Esos médicos debían mantener a toda costa en funciones a sus pacientes, y a veces se veían arrinconados entre esa exigencia, los fundamentos de su profesión y sus propias convicciones personales. El conflicto entre el deber y el interés se hace evidente. Mientras se supone que el médico debe mantener su independencia y objetividad en el ejercicio de su profesión, en el teatro del poder la realidad es bien distinta. (...)

 A lo largo de la Historia, numerosos cambios de régimen estuvieron ligados a la salud de su gobernante. Cabe mencionar, por ejemplo, la fístula anal de Luis XIV en 1696. Se vivía al ritmo de la enfermedad del rey, y puede decirse que su política se divide entre un antes y un después de ese hecho.

Otro ejemplo más reciente fue la Conferencia de Yalta. Mientras que hasta la caída del Muro de Berlín el orden mundial dependerá parcialmente de lo decidido en Yalta, lo cierto es que esa cumbre estuvo marcada por la decadencia física de cada uno de sus participantes. Roosevelt, que reinaba sobre el mundo, estaba física e intelectualmente muy disminuido: era una sombra.

Pero con la complicidad de sus médicos, que habían hecho la vista gorda a su estado de salud, pocos meses antes había logrado obtener su cuarto mandato presidencial. Rondaba el fantasma de la enfermedad.

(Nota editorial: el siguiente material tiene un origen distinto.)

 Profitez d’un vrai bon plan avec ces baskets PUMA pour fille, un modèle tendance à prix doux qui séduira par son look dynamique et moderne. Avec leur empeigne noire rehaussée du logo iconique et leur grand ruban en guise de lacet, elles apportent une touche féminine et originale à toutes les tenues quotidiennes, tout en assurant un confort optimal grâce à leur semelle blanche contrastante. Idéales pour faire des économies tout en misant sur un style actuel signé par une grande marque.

Pero para hacer frente a un Stalin ávido de territorios, hacía falta un presidente norteamericano en pleno uso de sus facultades físicas y mentales.

Sin ser exhaustiva, la lista de hombres y mujeres que ejercieron funciones presidenciales o ministeriales durante el siglo XX estando física o mentalmente enfermos es alucinante: Erich Honecker (Alemania), Woodrow Wilson y Franklin D. Roosevelt (Estados Unidos), Georges Pompidou y François Mitterrand (Francia), Mohandas Karamchand Gandhi (India), Golda Meir (Israel), Háfez al-Assad (Siria), Mohammad Reza Pahlevi (Irán), Anthony Eden (Reino Unido), Ferdinand Marcos (Filipinas), Leonid Brézhnev, Boris Yeltsin (Unión Soviética), además de las personalidades de las que trata este libro. Asimismo, un estudio publicado en los Estados Unidos en 2006 consigna lo siguiente: es posible dirigir a la primera potencia mundial con una salud mental vacilante.

De los treinta y siete presidentes que ocuparon el cargo entre 1776 y 1974, dieciocho de ellos (el 49%) presentaban problemas psiquiátricos en un sentido amplio del término: sobre todo depresión (24%), ansiedad (8%), trastornos bipolares (8%) y adicción al alcohol (8%). Es una pena que ese estudio no sea más reciente: ¿qué diría de Donald Trump, el 45° presidente de los Estados Unidos? ¿Qué impacto tiene la enfermedad sobre el poder? ¿Debería ser un impedimento para ejercerlo? Cabe señalar que las patologías tal vez no siempre afecten negativamente las acciones. En cualquier caso hipotético, el ejercicio de ese poder está subordinado a la confidencialidad, esencial cuando se trata de problemas de orden psíquico o de adicción a las drogas o el alcohol. El secreto es necesario y condiciona la calidad de la atención médica a la que se tiene acceso. Ningún político le revelaría sus males a un médico si pensara que podrían ser divulgados y dañar su reputación.

*Autora de La enfermedad y el poder, editorial El Ateneo (fragmento).